▸ **What needs to be done**: From the data that follows, print exactly the lines starting at the one containing "组合的通知和快速切换,或与控制中心分开,类似于MIUI 12+。" and ending at the one containing "매력적인 채도에 푸른색의"; include both of them and nothing more.

╭─ Records supplied

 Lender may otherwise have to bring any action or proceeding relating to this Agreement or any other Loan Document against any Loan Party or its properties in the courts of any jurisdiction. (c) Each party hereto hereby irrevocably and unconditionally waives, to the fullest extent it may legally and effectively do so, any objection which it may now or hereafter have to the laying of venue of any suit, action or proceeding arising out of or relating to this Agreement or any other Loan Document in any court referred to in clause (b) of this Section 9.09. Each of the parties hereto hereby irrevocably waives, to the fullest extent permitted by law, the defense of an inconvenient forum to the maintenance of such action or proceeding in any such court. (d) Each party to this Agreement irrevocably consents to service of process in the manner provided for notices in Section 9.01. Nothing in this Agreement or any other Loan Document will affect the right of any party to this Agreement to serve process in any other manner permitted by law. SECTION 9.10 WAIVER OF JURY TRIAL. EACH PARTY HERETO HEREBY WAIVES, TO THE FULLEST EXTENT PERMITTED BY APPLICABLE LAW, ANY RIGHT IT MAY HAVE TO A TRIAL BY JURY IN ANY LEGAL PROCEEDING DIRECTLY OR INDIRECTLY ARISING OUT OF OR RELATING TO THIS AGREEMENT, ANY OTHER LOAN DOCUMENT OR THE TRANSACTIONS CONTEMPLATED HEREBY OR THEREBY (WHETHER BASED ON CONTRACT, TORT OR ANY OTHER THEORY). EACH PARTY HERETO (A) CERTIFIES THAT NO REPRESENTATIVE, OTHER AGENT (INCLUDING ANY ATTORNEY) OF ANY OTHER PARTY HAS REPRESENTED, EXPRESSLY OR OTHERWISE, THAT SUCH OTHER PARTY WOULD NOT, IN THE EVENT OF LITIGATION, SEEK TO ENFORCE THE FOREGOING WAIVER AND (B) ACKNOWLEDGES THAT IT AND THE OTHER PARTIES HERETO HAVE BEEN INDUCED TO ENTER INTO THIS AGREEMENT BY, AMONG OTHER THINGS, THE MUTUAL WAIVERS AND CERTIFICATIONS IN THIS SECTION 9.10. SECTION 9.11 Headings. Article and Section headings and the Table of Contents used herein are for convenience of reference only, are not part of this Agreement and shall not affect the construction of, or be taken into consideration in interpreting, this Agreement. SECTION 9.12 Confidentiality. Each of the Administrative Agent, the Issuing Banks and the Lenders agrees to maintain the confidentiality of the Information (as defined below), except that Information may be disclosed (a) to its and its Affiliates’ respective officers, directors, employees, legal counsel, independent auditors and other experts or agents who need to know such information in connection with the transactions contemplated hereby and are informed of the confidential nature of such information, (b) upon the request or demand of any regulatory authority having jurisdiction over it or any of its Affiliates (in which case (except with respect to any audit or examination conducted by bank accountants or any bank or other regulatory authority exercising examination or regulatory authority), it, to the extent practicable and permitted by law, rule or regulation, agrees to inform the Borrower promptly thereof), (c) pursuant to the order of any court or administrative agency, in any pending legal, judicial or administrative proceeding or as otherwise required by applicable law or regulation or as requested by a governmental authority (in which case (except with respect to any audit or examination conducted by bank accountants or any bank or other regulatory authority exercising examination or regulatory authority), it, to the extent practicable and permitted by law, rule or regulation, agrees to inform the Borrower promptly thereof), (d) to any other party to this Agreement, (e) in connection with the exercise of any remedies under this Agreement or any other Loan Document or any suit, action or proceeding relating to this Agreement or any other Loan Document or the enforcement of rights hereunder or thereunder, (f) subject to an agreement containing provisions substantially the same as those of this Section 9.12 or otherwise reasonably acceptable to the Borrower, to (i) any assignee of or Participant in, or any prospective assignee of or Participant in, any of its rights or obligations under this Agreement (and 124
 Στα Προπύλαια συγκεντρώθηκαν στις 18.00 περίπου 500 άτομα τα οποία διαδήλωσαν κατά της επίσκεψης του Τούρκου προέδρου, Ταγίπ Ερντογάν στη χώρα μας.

╰─
╭─ Records supplied

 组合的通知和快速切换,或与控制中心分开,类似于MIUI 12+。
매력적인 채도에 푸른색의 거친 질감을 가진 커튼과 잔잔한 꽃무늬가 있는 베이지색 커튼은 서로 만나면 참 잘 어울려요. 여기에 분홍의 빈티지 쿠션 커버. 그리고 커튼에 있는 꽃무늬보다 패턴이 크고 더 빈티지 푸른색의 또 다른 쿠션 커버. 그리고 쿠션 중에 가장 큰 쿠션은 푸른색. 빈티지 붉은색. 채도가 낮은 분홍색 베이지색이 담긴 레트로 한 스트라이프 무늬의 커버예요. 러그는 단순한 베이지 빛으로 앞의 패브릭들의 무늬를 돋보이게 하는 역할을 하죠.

╰─
╭─ Records supplied

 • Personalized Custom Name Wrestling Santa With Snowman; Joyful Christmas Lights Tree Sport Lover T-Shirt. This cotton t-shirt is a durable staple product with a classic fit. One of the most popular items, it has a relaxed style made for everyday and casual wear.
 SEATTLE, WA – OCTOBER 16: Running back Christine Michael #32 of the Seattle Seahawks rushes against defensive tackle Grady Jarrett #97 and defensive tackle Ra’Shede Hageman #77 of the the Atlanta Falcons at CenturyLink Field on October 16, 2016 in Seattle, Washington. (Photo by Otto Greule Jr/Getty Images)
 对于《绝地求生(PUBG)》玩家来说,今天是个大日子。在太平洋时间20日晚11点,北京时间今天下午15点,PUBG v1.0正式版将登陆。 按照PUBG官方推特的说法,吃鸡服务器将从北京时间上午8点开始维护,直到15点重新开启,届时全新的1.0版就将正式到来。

╰─

▸ **Result**:
 组合的通知和快速切换,或与控制中心分开,类似于MIUI 12+。
매력적인 채도에 푸른색의 거친 질감을 가진 커튼과 잔잔한 꽃무늬가 있는 베이지색 커튼은 서로 만나면 참 잘 어울려요. 여기에 분홍의 빈티지 쿠션 커버. 그리고 커튼에 있는 꽃무늬보다 패턴이 크고 더 빈티지 푸른색의 또 다른 쿠션 커버. 그리고 쿠션 중에 가장 큰 쿠션은 푸른색. 빈티지 붉은색. 채도가 낮은 분홍색 베이지색이 담긴 레트로 한 스트라이프 무늬의 커버예요. 러그는 단순한 베이지 빛으로 앞의 패브릭들의 무늬를 돋보이게 하는 역할을 하죠.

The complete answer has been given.